RECORDS PROVIDED:
Content starts

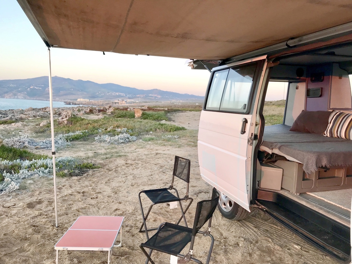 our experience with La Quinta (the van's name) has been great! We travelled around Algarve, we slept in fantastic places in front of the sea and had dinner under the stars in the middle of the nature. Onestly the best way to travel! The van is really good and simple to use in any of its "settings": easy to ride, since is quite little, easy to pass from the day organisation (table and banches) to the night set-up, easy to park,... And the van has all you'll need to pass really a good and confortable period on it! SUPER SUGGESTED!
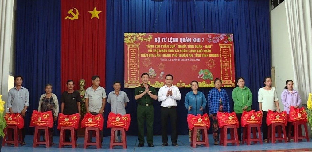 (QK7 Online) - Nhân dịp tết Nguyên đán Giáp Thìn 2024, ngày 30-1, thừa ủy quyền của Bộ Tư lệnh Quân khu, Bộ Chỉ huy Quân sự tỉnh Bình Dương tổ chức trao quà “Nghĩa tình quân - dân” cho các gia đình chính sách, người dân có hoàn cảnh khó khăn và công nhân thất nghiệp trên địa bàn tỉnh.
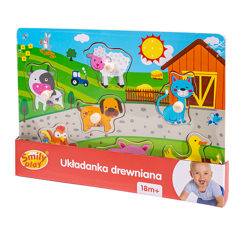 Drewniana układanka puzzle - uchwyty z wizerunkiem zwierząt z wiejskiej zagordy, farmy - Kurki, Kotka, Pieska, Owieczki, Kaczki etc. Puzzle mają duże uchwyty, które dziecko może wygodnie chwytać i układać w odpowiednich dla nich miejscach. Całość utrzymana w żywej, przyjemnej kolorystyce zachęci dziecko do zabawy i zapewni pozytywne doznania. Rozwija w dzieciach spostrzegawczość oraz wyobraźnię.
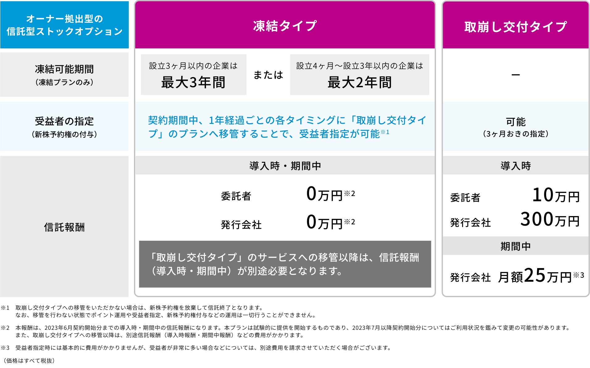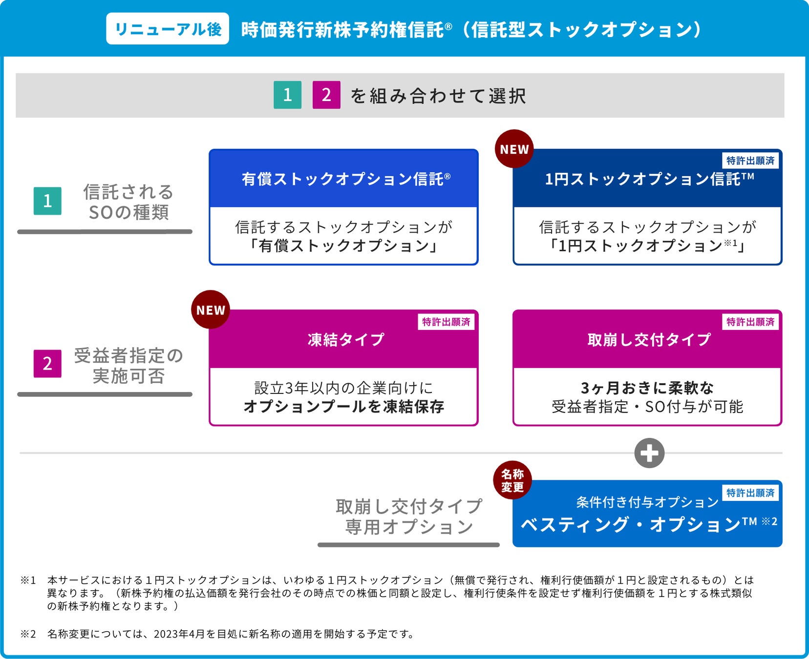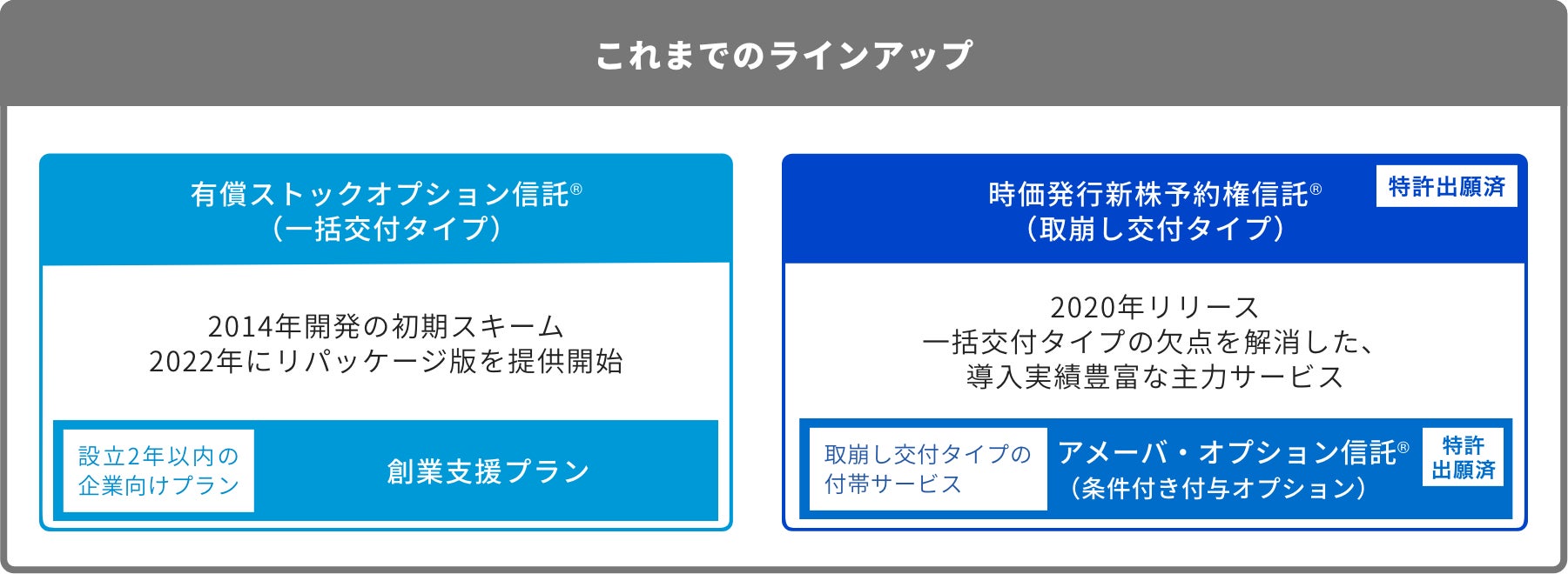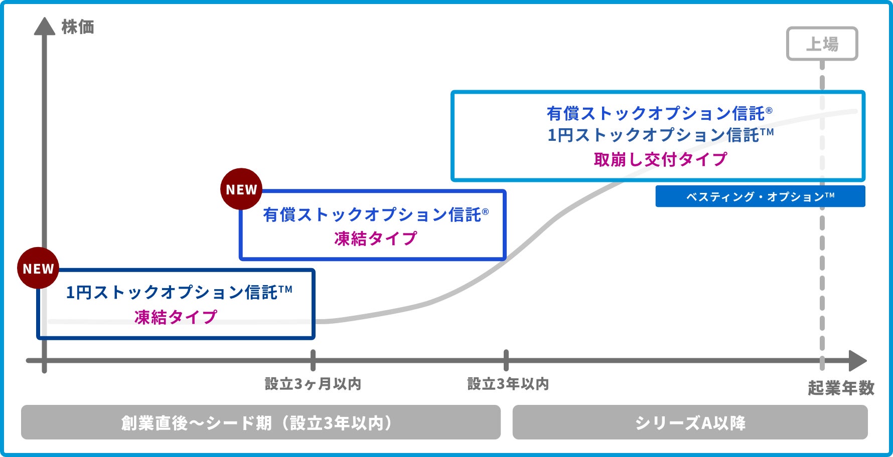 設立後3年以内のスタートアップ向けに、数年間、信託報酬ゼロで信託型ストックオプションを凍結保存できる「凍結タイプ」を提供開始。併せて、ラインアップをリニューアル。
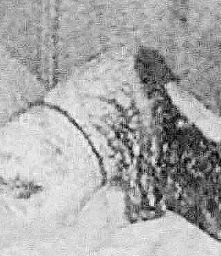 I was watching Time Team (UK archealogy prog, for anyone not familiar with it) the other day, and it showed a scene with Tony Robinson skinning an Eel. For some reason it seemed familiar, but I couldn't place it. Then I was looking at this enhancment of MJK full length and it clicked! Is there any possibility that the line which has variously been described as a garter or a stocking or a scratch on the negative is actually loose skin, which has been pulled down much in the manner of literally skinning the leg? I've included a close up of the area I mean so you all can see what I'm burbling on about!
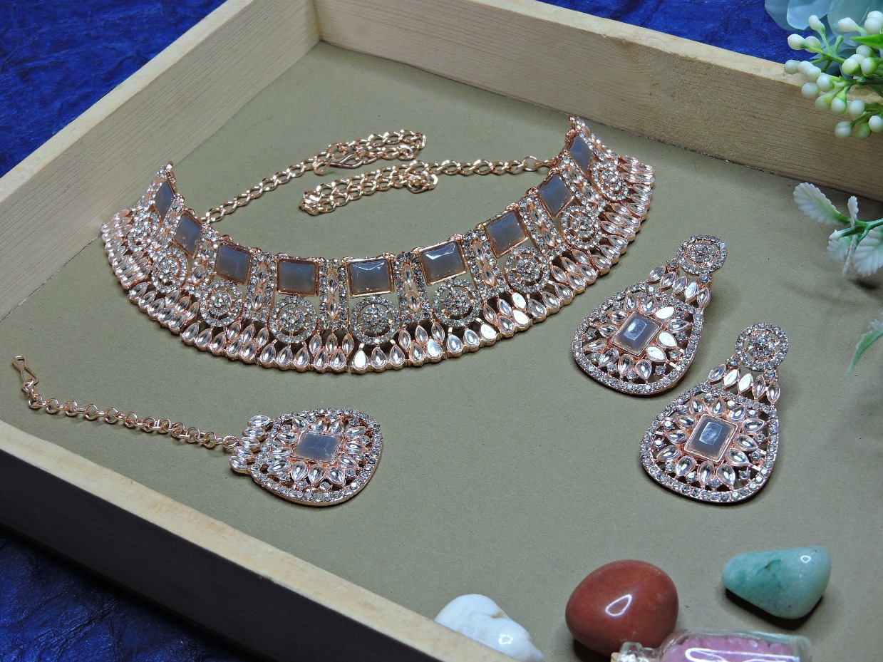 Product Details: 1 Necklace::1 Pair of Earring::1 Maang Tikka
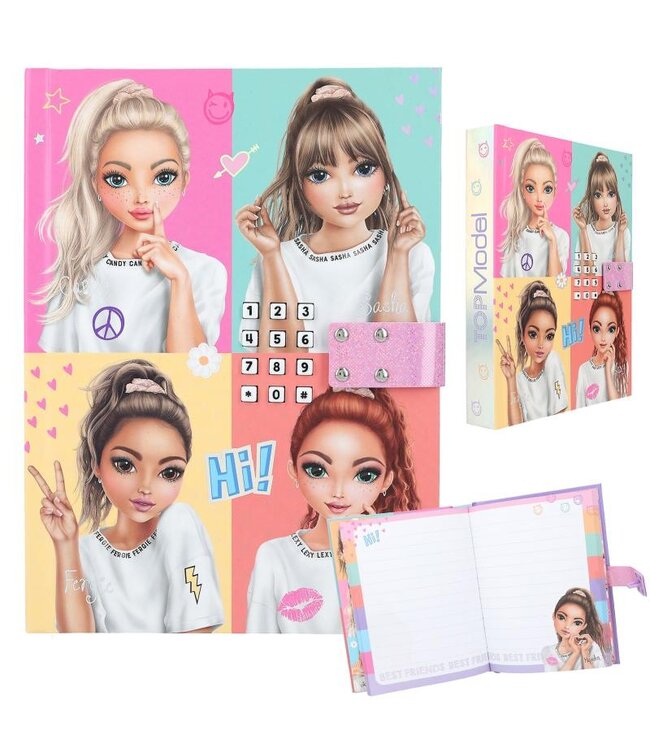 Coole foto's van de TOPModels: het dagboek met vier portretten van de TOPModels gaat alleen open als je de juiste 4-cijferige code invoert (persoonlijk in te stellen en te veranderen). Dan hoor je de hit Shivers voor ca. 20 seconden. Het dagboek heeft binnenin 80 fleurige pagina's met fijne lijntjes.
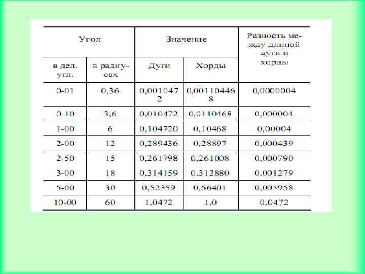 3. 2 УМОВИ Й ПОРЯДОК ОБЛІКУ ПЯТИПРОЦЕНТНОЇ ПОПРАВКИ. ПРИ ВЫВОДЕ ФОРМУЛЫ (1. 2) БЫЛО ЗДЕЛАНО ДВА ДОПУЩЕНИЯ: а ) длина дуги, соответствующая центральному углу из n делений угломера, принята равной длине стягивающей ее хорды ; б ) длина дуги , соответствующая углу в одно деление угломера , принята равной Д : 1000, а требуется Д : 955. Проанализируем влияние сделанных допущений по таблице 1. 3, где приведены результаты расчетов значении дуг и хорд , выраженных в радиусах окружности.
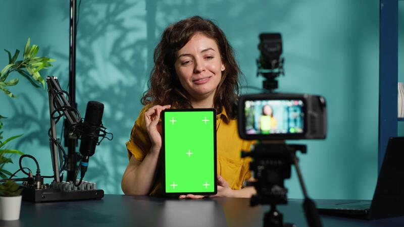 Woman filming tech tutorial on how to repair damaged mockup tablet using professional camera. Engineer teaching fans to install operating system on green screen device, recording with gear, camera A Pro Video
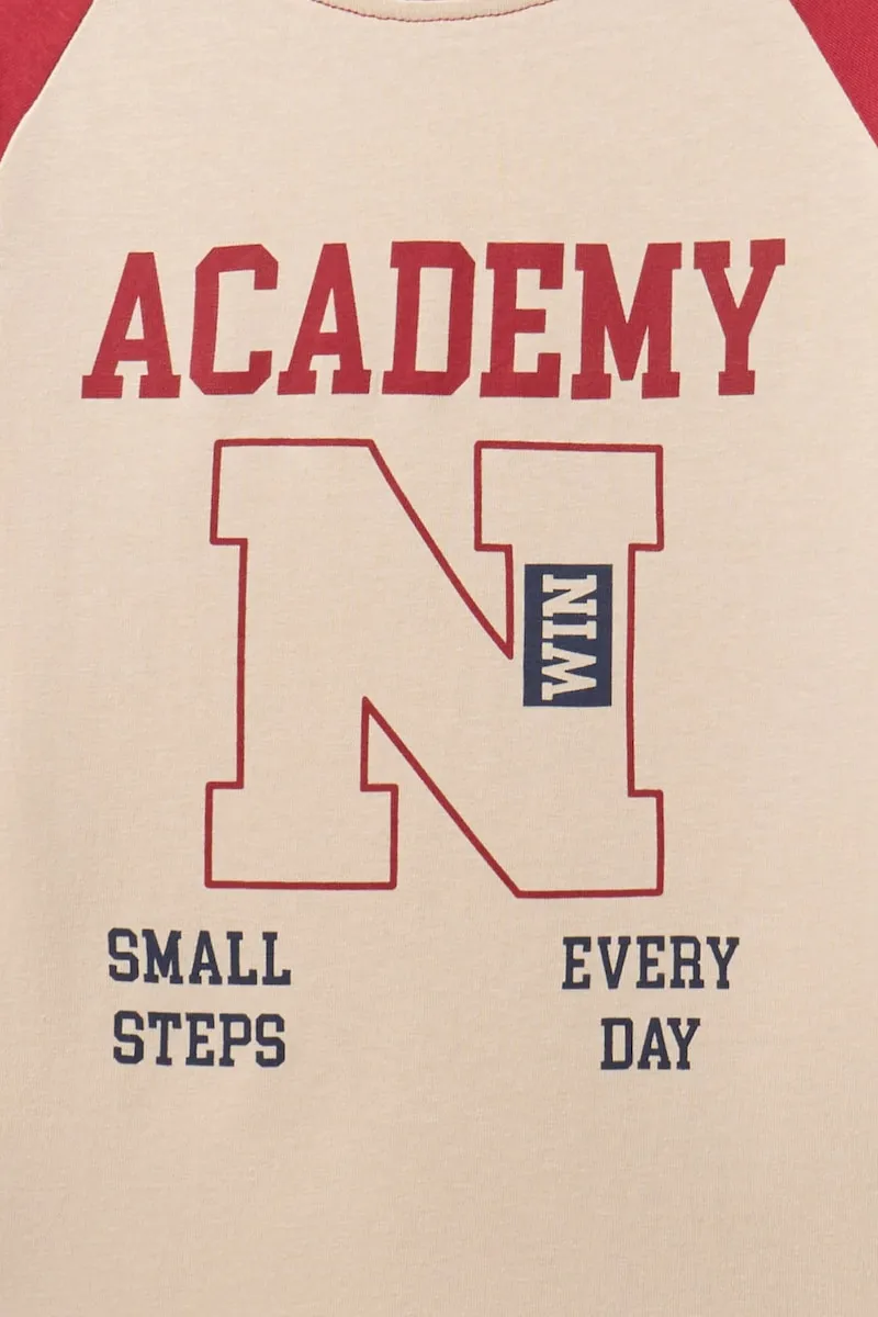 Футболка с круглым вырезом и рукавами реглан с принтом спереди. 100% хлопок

Content ends

WORK INSTRUCTIONS: Give back the whole listing as it stands, minus its pictures.

EXPECTED OUTPUT:
 our experience with La Quinta (the van's name) has been great! We travelled around Algarve, we slept in fantastic places in front of the sea and had dinner under the stars in the middle of the nature. Onestly the best way to travel! The van is really good and simple to use in any of its "settings": easy to ride, since is quite little, easy to pass from the day organisation (table and banches) to the night set-up, easy to park,... And the van has all you'll need to pass really a good and confortable period on it! SUPER SUGGESTED!
 (QK7 Online) - Nhân dịp tết Nguyên đán Giáp Thìn 2024, ngày 30-1, thừa ủy quyền của Bộ Tư lệnh Quân khu, Bộ Chỉ huy Quân sự tỉnh Bình Dương tổ chức trao quà “Nghĩa tình quân - dân” cho các gia đình chính sách, người dân có hoàn cảnh khó khăn và công nhân thất nghiệp trên địa bàn tỉnh.
 Drewniana układanka puzzle - uchwyty z wizerunkiem zwierząt z wiejskiej zagordy, farmy - Kurki, Kotka, Pieska, Owieczki, Kaczki etc. Puzzle mają duże uchwyty, które dziecko może wygodnie chwytać i układać w odpowiednich dla nich miejscach. Całość utrzymana w żywej, przyjemnej kolorystyce zachęci dziecko do zabawy i zapewni pozytywne doznania. Rozwija w dzieciach spostrzegawczość oraz wyobraźnię.
 設立後3年以内のスタートアップ向けに、数年間、信託報酬ゼロで信託型ストックオプションを凍結保存できる「凍結タイプ」を提供開始。併せて、ラインアップをリニューアル。
 I was watching Time Team (UK archealogy prog, for anyone not familiar with it) the other day, and it showed a scene with Tony Robinson skinning an Eel. For some reason it seemed familiar, but I couldn't place it. Then I was looking at this enhancment of MJK full length and it clicked! Is there any possibility that the line which has variously been described as a garter or a stocking or a scratch on the negative is actually loose skin, which has been pulled down much in the manner of literally skinning the leg? I've included a close up of the area I mean so you all can see what I'm burbling on about!
 Product Details: 1 Necklace::1 Pair of Earring::1 Maang Tikka
 Coole foto's van de TOPModels: het dagboek met vier portretten van de TOPModels gaat alleen open als je de juiste 4-cijferige code invoert (persoonlijk in te stellen en te veranderen). Dan hoor je de hit Shivers voor ca. 20 seconden. Het dagboek heeft binnenin 80 fleurige pagina's met fijne lijntjes.
 3. 2 УМОВИ Й ПОРЯДОК ОБЛІКУ ПЯТИПРОЦЕНТНОЇ ПОПРАВКИ. ПРИ ВЫВОДЕ ФОРМУЛЫ (1. 2) БЫЛО ЗДЕЛАНО ДВА ДОПУЩЕНИЯ: а ) длина дуги, соответствующая центральному углу из n делений угломера, принята равной длине стягивающей ее хорды ; б ) длина дуги , соответствующая углу в одно деление угломера , принята равной Д : 1000, а требуется Д : 955. Проанализируем влияние сделанных допущений по таблице 1. 3, где приведены результаты расчетов значении дуг и хорд , выраженных в радиусах окружности.
 Woman filming tech tutorial on how to repair damaged mockup tablet using professional camera. Engineer teaching fans to install operating system on green screen device, recording with gear, camera A Pro Video
 Футболка с круглым вырезом и рукавами реглан с принтом спереди. 100% хлопок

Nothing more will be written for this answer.